LOL. He's gonna be at courtside for tonights game with the Mavs. So ummm... Twelve pages over pretty much nothing.


----------



## Blue (Jun 21, 2007)

Yeah it's pretty much Just people tryna make a big deal out of nothing.


----------



## anh2173 (Aug 18, 2003)

rocketeer said:


> saying that he shouldn't be ejected is almost the most ridiculous thing i've read in this thread(just behind people trying to make it seem like it's ford's fault that this happened).


Come on, it was clearly Ford's fault. He was asking for it, dressing all provocatively and ****.


----------



## BDB (Dec 19, 2006)

rocketeer said:


> we don't need to make any "what if" assumptions. how it happened, horford was far from getting a block. by the time horford started swinging his arm down to attempt to block the shot, ford had the ball out of horford's reach so there was no chance at a block. at that situation in the game when your options are don't contest the layup or hit the guy hard in the air, if you pick to hit the guy you should be seeing a suspension because it's a very dangerous play. it doesn't matter that it was ford. any pg in the league and they would have hit the ground hard after being hit like that by horford.


I guess you just started watching the game and never heard of a hard foul. 
Pat Riley teaches "no layups".


----------



## rocketeer (Oct 7, 2002)

BDB said:


> I guess you just started watching the game and never heard of a hard foul.
> Pat Riley teaches "no layups".


hard foul and dangerous fouls are two different things. you shouldn't be able to hit a guy like that when he's in the air. you want a hard foul? fine. don't hit the guy in the face while he's in the air.


----------



## Blue (Jun 21, 2007)

For the last time, It was unintentional!!!! you must be really slow today......


----------



## rocketeer (Oct 7, 2002)

Power_Ballin said:


> For the last time, It was unintentional!!!! you must be really slow today......


please quote my post where i said it was intentional.


----------



## Wade County (Jun 22, 2003)

I dont think it was intentional. Al Horford, by all accounts, is a great guy and has always been a fair player. I legitamately think he was going for a block, but caught TJ's head instead. Look, its a contact sport, these things happen - its just unfortunate that it happened to a guy whose had a history with spinal and neck related injuries. TJ will be fine, he'll be back out there when he is ready and will continue to have a good season.


----------



## BDB (Dec 19, 2006)

rocketeer said:


> hard foul and dangerous fouls are two different things. you shouldn't be able to hit a guy like that when he's in the air. you want a hard foul? fine. don't hit the guy in the face while he's in the air.


Ok you didn't get the point. Did you watch the NBA in the 80's and early 90's? If you did you'd see there was nothing especially dirty about this play. Just a big man sending a message no layups.


----------



## seifer0406 (Jun 8, 2003)

BDB said:


> Ok you didn't get the point. Did you watch the NBA in the 80's and early 90's? If you did you'd see there was nothing especially dirty about this play. Just a big man sending a message no layups.


People also drove Nascars with no helmets on in the past. If something is dangerous it's dangerous, just because people use to do it doesn't make it right especially when it's regulated in the present.


----------



## Blue (Jun 21, 2007)

rocketeer said:


> please quote my post where i said it was intentional.

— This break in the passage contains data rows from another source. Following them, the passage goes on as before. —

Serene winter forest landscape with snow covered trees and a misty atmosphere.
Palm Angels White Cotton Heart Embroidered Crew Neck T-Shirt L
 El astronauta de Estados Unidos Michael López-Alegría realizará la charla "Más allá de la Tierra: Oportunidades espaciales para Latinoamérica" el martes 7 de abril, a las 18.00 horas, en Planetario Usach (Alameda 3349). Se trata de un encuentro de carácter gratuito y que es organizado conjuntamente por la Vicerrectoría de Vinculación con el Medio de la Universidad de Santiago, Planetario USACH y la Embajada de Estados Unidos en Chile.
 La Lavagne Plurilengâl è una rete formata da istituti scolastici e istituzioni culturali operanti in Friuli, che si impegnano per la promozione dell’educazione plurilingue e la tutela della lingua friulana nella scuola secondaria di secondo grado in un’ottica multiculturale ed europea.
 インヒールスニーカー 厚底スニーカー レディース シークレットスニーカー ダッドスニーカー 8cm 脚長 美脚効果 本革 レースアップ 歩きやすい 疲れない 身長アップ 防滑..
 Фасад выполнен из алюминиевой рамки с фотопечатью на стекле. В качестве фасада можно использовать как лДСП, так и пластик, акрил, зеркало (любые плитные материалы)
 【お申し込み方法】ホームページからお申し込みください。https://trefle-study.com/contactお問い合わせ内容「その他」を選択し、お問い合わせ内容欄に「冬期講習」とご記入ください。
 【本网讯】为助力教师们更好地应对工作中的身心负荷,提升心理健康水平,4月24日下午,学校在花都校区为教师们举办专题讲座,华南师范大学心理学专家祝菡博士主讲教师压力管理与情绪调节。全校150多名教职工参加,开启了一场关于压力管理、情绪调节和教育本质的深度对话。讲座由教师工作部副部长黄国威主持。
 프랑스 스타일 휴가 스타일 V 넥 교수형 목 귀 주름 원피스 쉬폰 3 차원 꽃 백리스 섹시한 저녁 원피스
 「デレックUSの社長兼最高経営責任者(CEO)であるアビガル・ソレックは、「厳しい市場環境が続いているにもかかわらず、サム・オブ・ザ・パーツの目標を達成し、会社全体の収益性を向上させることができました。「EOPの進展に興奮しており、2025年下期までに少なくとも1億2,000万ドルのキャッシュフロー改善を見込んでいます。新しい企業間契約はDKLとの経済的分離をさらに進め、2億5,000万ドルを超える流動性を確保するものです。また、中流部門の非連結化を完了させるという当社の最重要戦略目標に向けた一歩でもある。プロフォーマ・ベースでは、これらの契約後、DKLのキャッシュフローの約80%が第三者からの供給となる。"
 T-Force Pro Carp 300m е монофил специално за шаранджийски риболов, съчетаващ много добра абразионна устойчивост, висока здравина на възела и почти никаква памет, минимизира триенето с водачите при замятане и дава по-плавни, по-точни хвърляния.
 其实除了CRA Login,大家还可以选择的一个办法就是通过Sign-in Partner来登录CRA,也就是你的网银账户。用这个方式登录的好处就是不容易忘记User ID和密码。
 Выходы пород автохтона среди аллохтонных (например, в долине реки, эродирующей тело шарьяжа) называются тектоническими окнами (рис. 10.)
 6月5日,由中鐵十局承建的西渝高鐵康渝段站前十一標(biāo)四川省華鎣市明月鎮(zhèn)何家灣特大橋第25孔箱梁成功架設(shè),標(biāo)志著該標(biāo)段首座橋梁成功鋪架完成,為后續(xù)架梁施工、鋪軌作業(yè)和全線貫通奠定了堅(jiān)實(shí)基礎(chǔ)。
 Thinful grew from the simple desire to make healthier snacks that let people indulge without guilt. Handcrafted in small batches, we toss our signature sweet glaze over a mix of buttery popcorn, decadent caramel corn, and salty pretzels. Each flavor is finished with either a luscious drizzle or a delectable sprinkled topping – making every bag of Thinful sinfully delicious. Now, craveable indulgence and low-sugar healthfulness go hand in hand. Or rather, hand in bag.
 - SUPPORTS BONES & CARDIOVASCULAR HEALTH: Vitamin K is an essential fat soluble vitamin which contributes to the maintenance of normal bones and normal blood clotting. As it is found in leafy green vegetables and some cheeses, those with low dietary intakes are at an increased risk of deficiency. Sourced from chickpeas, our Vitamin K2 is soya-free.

You haven't said the exact words, but you have said several times how you shouldn't be able to hit a guy in the face while in mid air. No ****! 

That's why it's called a f*cking accident for goodness sake. let it go.


----------



## rocketeer (Oct 7, 2002)

Power_Ballin said:


> You have said several times how you shouldn't be able to hit a guy in the face while in mid air. No ****!


and i've also said several times i don't think it was intentional. nowhere have i said he intentionally tried to hurt ford or hit him in the face. just that it was a very dangerous foul and that he had not shot at the block when he swung.


----------



## Idunkonyou (Feb 23, 2003)

It was a really nasty spill. Glad to hear he is doing better.


----------



## The Mad Viking (Jun 12, 2003)

R-Star said:


> Im glad you feel embarrassed for me. Ford doesnt have a spinal injury this time around. I didnt think of the possibility of fear of losing his career like Ras has said. Thats completley understandable. He gets paid millions to drive to the basket without "fear". If you think almost any one of us on this forum wouldnt do that after coming back from a miraculous spinal injury, you're plain and simple an idiot. Offer me millions and Ill put my body on the line, if you wouldnt? Well I dont know what to tell you. I like Ford, but you can calm down with the Ford is an American Hero line. He had a spinal injury, worked his *** off to come back, and came back strong. Thats pretty damn respectable, but dont try to sit there and act like "someone like me" wouldnt understand. If it turns out he just had a concussion, which I've had a couple of before, sans any tears, what is your comment going to be then?
> 
> I hope hes ok, and like I had said earlier, didnt think about him being scared about going down with a major injury again and maybe losing basketball forever. Sorry for the slight, but calm the **** down. If you would bother to read ahead instead of getting all rilled up by my post, you would have seen I already addressed it.


Not that you care, but I thought your post, and even the one above, are out of line.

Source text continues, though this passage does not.